HOW TO COMPLETE THIS TASK:
Each entry should be quoted word for word, including every mark of punctuation.

══════════

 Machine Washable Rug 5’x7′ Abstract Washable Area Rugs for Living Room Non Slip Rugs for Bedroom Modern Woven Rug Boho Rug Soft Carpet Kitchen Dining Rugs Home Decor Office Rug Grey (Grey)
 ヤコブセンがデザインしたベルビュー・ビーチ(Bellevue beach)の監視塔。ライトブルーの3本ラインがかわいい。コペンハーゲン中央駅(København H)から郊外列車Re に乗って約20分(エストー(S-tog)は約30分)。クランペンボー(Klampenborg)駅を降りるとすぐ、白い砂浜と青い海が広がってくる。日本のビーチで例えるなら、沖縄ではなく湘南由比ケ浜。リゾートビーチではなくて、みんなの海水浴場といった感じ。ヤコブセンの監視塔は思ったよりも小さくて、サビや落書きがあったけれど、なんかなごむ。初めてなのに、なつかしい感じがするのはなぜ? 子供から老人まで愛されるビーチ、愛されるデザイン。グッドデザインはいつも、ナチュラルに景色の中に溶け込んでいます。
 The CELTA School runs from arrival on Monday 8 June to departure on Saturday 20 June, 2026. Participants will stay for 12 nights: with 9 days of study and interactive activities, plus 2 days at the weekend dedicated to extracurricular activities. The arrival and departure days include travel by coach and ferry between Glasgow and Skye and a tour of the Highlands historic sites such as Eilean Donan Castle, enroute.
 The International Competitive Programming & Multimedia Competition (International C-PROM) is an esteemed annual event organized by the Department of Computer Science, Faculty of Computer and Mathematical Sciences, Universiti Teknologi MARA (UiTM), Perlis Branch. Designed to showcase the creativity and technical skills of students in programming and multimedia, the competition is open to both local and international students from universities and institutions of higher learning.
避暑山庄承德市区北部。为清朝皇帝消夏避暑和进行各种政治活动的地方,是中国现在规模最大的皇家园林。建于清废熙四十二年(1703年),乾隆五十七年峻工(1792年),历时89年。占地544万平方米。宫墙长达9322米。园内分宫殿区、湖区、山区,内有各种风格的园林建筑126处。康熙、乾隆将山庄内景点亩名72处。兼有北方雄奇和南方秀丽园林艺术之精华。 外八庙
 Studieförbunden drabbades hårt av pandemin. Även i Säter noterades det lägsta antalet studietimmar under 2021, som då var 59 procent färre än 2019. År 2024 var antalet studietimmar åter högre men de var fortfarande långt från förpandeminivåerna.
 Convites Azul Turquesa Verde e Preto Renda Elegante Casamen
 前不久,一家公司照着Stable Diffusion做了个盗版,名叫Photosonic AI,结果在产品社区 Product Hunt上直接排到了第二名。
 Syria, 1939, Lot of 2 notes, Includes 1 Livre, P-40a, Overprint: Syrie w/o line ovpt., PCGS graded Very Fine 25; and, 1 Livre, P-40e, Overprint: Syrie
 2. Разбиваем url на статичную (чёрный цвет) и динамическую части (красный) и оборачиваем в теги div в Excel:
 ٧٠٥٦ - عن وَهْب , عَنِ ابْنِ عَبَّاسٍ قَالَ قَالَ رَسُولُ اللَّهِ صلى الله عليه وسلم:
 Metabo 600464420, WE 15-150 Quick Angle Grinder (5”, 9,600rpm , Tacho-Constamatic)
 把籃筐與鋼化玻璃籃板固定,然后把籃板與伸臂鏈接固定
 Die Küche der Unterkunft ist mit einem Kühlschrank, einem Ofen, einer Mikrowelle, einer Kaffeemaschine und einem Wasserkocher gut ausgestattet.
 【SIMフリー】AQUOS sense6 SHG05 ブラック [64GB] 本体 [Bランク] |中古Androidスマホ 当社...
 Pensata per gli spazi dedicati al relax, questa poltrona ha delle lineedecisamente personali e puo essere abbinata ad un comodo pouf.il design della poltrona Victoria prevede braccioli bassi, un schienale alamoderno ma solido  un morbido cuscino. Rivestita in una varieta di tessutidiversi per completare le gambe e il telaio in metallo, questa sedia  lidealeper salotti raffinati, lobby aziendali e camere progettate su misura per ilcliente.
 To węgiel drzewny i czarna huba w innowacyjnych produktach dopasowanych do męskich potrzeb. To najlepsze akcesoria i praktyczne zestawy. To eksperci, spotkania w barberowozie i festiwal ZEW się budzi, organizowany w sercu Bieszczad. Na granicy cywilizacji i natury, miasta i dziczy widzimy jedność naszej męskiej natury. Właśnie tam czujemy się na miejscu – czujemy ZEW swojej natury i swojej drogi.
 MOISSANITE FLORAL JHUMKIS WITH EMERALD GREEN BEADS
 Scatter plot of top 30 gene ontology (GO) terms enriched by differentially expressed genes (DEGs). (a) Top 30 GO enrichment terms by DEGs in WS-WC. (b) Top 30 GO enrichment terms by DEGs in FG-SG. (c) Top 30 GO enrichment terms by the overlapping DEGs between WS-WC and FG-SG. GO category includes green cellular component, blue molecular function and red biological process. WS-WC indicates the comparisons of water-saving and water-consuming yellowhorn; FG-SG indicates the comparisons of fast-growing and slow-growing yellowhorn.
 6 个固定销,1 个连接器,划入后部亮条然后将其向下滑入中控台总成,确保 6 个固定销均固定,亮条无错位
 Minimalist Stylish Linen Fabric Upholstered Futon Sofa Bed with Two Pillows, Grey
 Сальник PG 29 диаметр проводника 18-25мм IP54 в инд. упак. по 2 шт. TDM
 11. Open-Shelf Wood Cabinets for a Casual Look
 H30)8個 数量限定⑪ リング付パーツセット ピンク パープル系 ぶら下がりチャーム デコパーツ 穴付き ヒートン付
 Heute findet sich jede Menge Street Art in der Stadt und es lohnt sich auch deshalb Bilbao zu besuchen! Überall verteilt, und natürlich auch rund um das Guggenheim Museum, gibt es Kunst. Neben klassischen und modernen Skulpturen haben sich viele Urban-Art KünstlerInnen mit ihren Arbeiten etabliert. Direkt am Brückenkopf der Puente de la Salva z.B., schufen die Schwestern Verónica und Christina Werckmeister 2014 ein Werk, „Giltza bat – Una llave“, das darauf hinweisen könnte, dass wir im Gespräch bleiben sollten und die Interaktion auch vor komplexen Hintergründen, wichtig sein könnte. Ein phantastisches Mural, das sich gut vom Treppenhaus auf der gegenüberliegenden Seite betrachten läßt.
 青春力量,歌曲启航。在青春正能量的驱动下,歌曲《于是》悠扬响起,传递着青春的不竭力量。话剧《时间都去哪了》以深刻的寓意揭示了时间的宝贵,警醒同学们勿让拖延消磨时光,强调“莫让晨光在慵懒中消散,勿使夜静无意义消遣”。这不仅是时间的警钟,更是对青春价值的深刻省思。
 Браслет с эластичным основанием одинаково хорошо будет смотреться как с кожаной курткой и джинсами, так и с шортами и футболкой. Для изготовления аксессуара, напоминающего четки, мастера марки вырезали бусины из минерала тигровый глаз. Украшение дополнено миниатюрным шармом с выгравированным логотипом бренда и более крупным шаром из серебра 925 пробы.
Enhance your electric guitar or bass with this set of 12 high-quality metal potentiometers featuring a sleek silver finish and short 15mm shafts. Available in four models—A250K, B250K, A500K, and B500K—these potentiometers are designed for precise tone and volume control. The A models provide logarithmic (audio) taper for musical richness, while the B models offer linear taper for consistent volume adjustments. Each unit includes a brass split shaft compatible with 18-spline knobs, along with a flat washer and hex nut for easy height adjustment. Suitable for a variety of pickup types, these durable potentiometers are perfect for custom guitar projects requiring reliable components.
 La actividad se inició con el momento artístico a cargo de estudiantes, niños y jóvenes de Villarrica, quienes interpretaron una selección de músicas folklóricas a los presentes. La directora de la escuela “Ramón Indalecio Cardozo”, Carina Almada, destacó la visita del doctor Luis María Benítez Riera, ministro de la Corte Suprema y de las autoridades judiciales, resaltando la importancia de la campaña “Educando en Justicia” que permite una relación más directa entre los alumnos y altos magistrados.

══════════

COMPLETED TASK:
 Machine Washable Rug 5’x7′ Abstract Washable Area Rugs for Living Room Non Slip Rugs for Bedroom Modern Woven Rug Boho Rug Soft Carpet Kitchen Dining Rugs Home Decor Office Rug Grey (Grey)
 ヤコブセンがデザインしたベルビュー・ビーチ(Bellevue beach)の監視塔。ライトブルーの3本ラインがかわいい。コペンハーゲン中央駅(København H)から郊外列車Re に乗って約20分(エストー(S-tog)は約30分)。クランペンボー(Klampenborg)駅を降りるとすぐ、白い砂浜と青い海が広がってくる。日本のビーチで例えるなら、沖縄ではなく湘南由比ケ浜。リゾートビーチではなくて、みんなの海水浴場といった感じ。ヤコブセンの監視塔は思ったよりも小さくて、サビや落書きがあったけれど、なんかなごむ。初めてなのに、なつかしい感じがするのはなぜ? 子供から老人まで愛されるビーチ、愛されるデザイン。グッドデザインはいつも、ナチュラルに景色の中に溶け込んでいます。
 The CELTA School runs from arrival on Monday 8 June to departure on Saturday 20 June, 2026. Participants will stay for 12 nights: with 9 days of study and interactive activities, plus 2 days at the weekend dedicated to extracurricular activities. The arrival and departure days include travel by coach and ferry between Glasgow and Skye and a tour of the Highlands historic sites such as Eilean Donan Castle, enroute.
 The International Competitive Programming & Multimedia Competition (International C-PROM) is an esteemed annual event organized by the Department of Computer Science, Faculty of Computer and Mathematical Sciences, Universiti Teknologi MARA (UiTM), Perlis Branch. Designed to showcase the creativity and technical skills of students in programming and multimedia, the competition is open to both local and international students from universities and institutions of higher learning.
避暑山庄承德市区北部。为清朝皇帝消夏避暑和进行各种政治活动的地方,是中国现在规模最大的皇家园林。建于清废熙四十二年(1703年),乾隆五十七年峻工(1792年),历时89年。占地544万平方米。宫墙长达9322米。园内分宫殿区、湖区、山区,内有各种风格的园林建筑126处。康熙、乾隆将山庄内景点亩名72处。兼有北方雄奇和南方秀丽园林艺术之精华。 外八庙
 Studieförbunden drabbades hårt av pandemin. Även i Säter noterades det lägsta antalet studietimmar under 2021, som då var 59 procent färre än 2019. År 2024 var antalet studietimmar åter högre men de var fortfarande långt från förpandeminivåerna.
 Convites Azul Turquesa Verde e Preto Renda Elegante Casamen
 前不久,一家公司照着Stable Diffusion做了个盗版,名叫Photosonic AI,结果在产品社区 Product Hunt上直接排到了第二名。
 Syria, 1939, Lot of 2 notes, Includes 1 Livre, P-40a, Overprint: Syrie w/o line ovpt., PCGS graded Very Fine 25; and, 1 Livre, P-40e, Overprint: Syrie
 2. Разбиваем url на статичную (чёрный цвет) и динамическую части (красный) и оборачиваем в теги div в Excel:
 ٧٠٥٦ - عن وَهْب , عَنِ ابْنِ عَبَّاسٍ قَالَ قَالَ رَسُولُ اللَّهِ صلى الله عليه وسلم:
 Metabo 600464420, WE 15-150 Quick Angle Grinder (5”, 9,600rpm , Tacho-Constamatic)
 把籃筐與鋼化玻璃籃板固定,然后把籃板與伸臂鏈接固定
 Die Küche der Unterkunft ist mit einem Kühlschrank, einem Ofen, einer Mikrowelle, einer Kaffeemaschine und einem Wasserkocher gut ausgestattet.
 【SIMフリー】AQUOS sense6 SHG05 ブラック [64GB] 本体 [Bランク] |中古Androidスマホ 当社...
 Pensata per gli spazi dedicati al relax, questa poltrona ha delle lineedecisamente personali e puo essere abbinata ad un comodo pouf.il design della poltrona Victoria prevede braccioli bassi, un schienale alamoderno ma solido  un morbido cuscino. Rivestita in una varieta di tessutidiversi per completare le gambe e il telaio in metallo, questa sedia  lidealeper salotti raffinati, lobby aziendali e camere progettate su misura per ilcliente.
 To węgiel drzewny i czarna huba w innowacyjnych produktach dopasowanych do męskich potrzeb. To najlepsze akcesoria i praktyczne zestawy. To eksperci, spotkania w barberowozie i festiwal ZEW się budzi, organizowany w sercu Bieszczad. Na granicy cywilizacji i natury, miasta i dziczy widzimy jedność naszej męskiej natury. Właśnie tam czujemy się na miejscu – czujemy ZEW swojej natury i swojej drogi.
 MOISSANITE FLORAL JHUMKIS WITH EMERALD GREEN BEADS
 Scatter plot of top 30 gene ontology (GO) terms enriched by differentially expressed genes (DEGs). (a) Top 30 GO enrichment terms by DEGs in WS-WC. (b) Top 30 GO enrichment terms by DEGs in FG-SG. (c) Top 30 GO enrichment terms by the overlapping DEGs between WS-WC and FG-SG. GO category includes green cellular component, blue molecular function and red biological process. WS-WC indicates the comparisons of water-saving and water-consuming yellowhorn; FG-SG indicates the comparisons of fast-growing and slow-growing yellowhorn.
 6 个固定销,1 个连接器,划入后部亮条然后将其向下滑入中控台总成,确保 6 个固定销均固定,亮条无错位
 Minimalist Stylish Linen Fabric Upholstered Futon Sofa Bed with Two Pillows, Grey
 Сальник PG 29 диаметр проводника 18-25мм IP54 в инд. упак. по 2 шт. TDM
 11. Open-Shelf Wood Cabinets for a Casual Look
 H30)8個 数量限定⑪ リング付パーツセット ピンク パープル系 ぶら下がりチャーム デコパーツ 穴付き ヒートン付
 Heute findet sich jede Menge Street Art in der Stadt und es lohnt sich auch deshalb Bilbao zu besuchen! Überall verteilt, und natürlich auch rund um das Guggenheim Museum, gibt es Kunst. Neben klassischen und modernen Skulpturen haben sich viele Urban-Art KünstlerInnen mit ihren Arbeiten etabliert. Direkt am Brückenkopf der Puente de la Salva z.B., schufen die Schwestern Verónica und Christina Werckmeister 2014 ein Werk, „Giltza bat – Una llave“, das darauf hinweisen könnte, dass wir im Gespräch bleiben sollten und die Interaktion auch vor komplexen Hintergründen, wichtig sein könnte. Ein phantastisches Mural, das sich gut vom Treppenhaus auf der gegenüberliegenden Seite betrachten läßt.
 青春力量,歌曲启航。在青春正能量的驱动下,歌曲《于是》悠扬响起,传递着青春的不竭力量。话剧《时间都去哪了》以深刻的寓意揭示了时间的宝贵,警醒同学们勿让拖延消磨时光,强调“莫让晨光在慵懒中消散,勿使夜静无意义消遣”。这不仅是时间的警钟,更是对青春价值的深刻省思。
 Браслет с эластичным основанием одинаково хорошо будет смотреться как с кожаной курткой и джинсами, так и с шортами и футболкой. Для изготовления аксессуара, напоминающего четки, мастера марки вырезали бусины из минерала тигровый глаз. Украшение дополнено миниатюрным шармом с выгравированным логотипом бренда и более крупным шаром из серебра 925 пробы.
Enhance your electric guitar or bass with this set of 12 high-quality metal potentiometers featuring a sleek silver finish and short 15mm shafts. Available in four models—A250K, B250K, A500K, and B500K—these potentiometers are designed for precise tone and volume control. The A models provide logarithmic (audio) taper for musical richness, while the B models offer linear taper for consistent volume adjustments. Each unit includes a brass split shaft compatible with 18-spline knobs, along with a flat washer and hex nut for easy height adjustment. Suitable for a variety of pickup types, these durable potentiometers are perfect for custom guitar projects requiring reliable components.
 La actividad se inició con el momento artístico a cargo de estudiantes, niños y jóvenes de Villarrica, quienes interpretaron una selección de músicas folklóricas a los presentes. La directora de la escuela “Ramón Indalecio Cardozo”, Carina Almada, destacó la visita del doctor Luis María Benítez Riera, ministro de la Corte Suprema y de las autoridades judiciales, resaltando la importancia de la campaña “Educando en Justicia” que permite una relación más directa entre los alumnos y altos magistrados.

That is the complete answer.